Bref juste pour vous rappeler que vous avez toujours le choix et que rien ni personne ne peut vous forcer à manger un repas qui vous rebute. Le tout est dans la planification de vos journées/repas.

C’était juste une parenthèse, revenons à nos moutons sur l’extraordinaire faculté de nos copines chinoises à être très souvent menues.

Les réponses faciles (plutôt excuses faciles) incluraient qu’elles ont un métabolisme d’enfer, qu’elles s’affament, etc.

J’ai donc mobilisé mon énergie pendant ces 4 jours de voyage à observer consciencieusement leurs habitudes alimentaires et je peux vous dire qu’il y a effectivement de grandes différences avec notre modèle européen.

Au petit déjeuner, le buffet de l’hôtel allait des viennoiseries à la française à la soupe de nouilles de riz en faisant escale par les galettes de pomme de terres, « baked beans » et saucisses à l’anglaise.

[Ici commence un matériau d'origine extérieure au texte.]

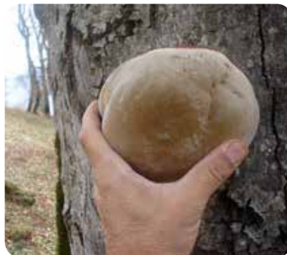
شکل ۲۰ - Phellinus igniarius
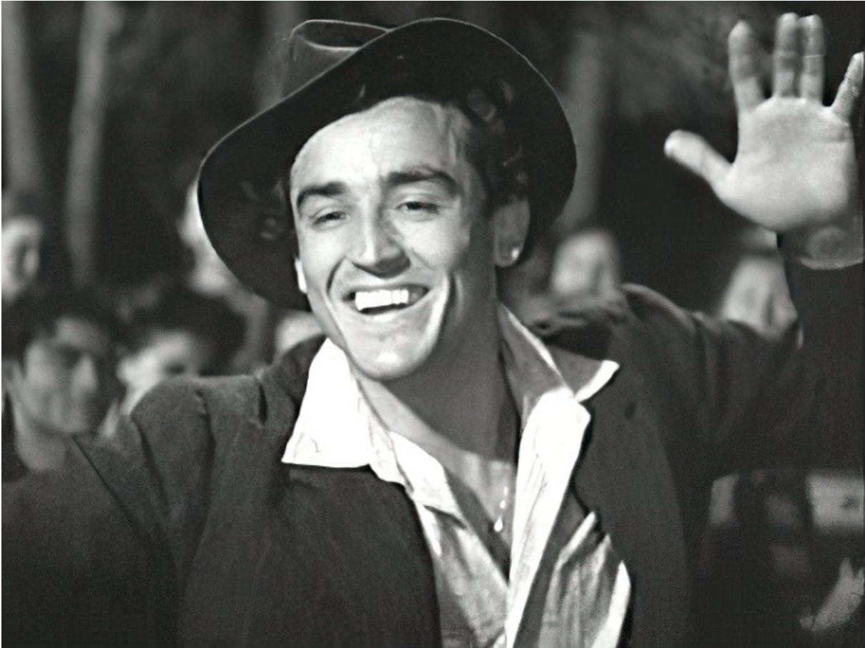
Витторио Гассман, 1949

В американском фильме «Рапсодия», шедшим в советском прокате, его партнершей была Элизабет Тейлор. В другой американской картине — «Война и мир» по роману Толстого — Витторио Гассман сыграл Анатоля Курагина.

Qu’elle ne fut ma surprise de réaliser que la plupart des femmes chinoises (les hommes aussi d’ailleurs) se servaient d’abord des légumes vapeur (brocolis, courge, chou, etc) qu’elles semblaient déguster avec appétit avant de les accompagner soit d’une portion de soupe de nouilles soit de raviolis vapeurs soit de fruits soit même de viennoiseries et autres « plaisirs occidentaux ». En somme, elles ne s’affament pas mais nourrissent d’abord leurs cellules (légumes remplis d’éléments nutritifs tels antioxydants, vitamines, etc) avant de penser à leurs estomacs (plaisirs de bouche).

Je vous rassure tout de suite, même moi qui aime me targuer de savoir faire preuve de discipline personnelle, manger des brocolis le matin avec mon café s’est révélé au-dessus de mes forces !

Au déjeuner et au dîner, j’ai pu effectuer les mêmes constats : l’assiette typique est composée aux 2/3 de légumes puis de riz et enfin d’un peu de viande ou de poisson.

Cependant j’ai aussi pu noter que les jeunes commençaient à intégrer peu à peu nos habitudes alimentaires dans leurs menus avec la présence de yaourts/bacon/saucisses/gaufres au petit-déjeuner pour certains, la pause goûter au starbucks/costa coffee, etc. Pour le moment cela reste encore une intégration de nos habitudes à leurs habitudes ancestrales. Mais on peut se poser la question avec la mondialisation rampante et les multiples échanges culturels du devenir de ces habitudes ancestrales, sera ce toujours une intégration ou cela deviendra plutôt une assimilation/un assujettissement à nos habitudes ? Et plus important encore quelle en sera l’impact sur la santé, la morphologie, etc ?

On note déjà à ce propos que les statistiques d’obésité voire des autres maladies dites de « civilisations » (crises cardiaques, cancers, etc) dans les métropoles asiatiques ont fortement progressé ces dernières années, au fur et à mesure que les pratiques alimentaires changeaient, tandis que dans les campagnes qui restent encore sur le mode ancestral, l’évolution est moins sensible.

Bon, le plus important reste qu’au-delà de cet aparté sur la nutrition, j’ai adoré mon séjour et les échanges que j’ai eu avec la population locale. J’ai été fascinée par le boom économique que l’on ressent à chaque coin de rues à travers les innombrables constructions, le foisonnement des petits commerces locaux par exemple. J’ai été happée par l’énergie communicative que dégage la population, la qualité du service aux touristes/clients.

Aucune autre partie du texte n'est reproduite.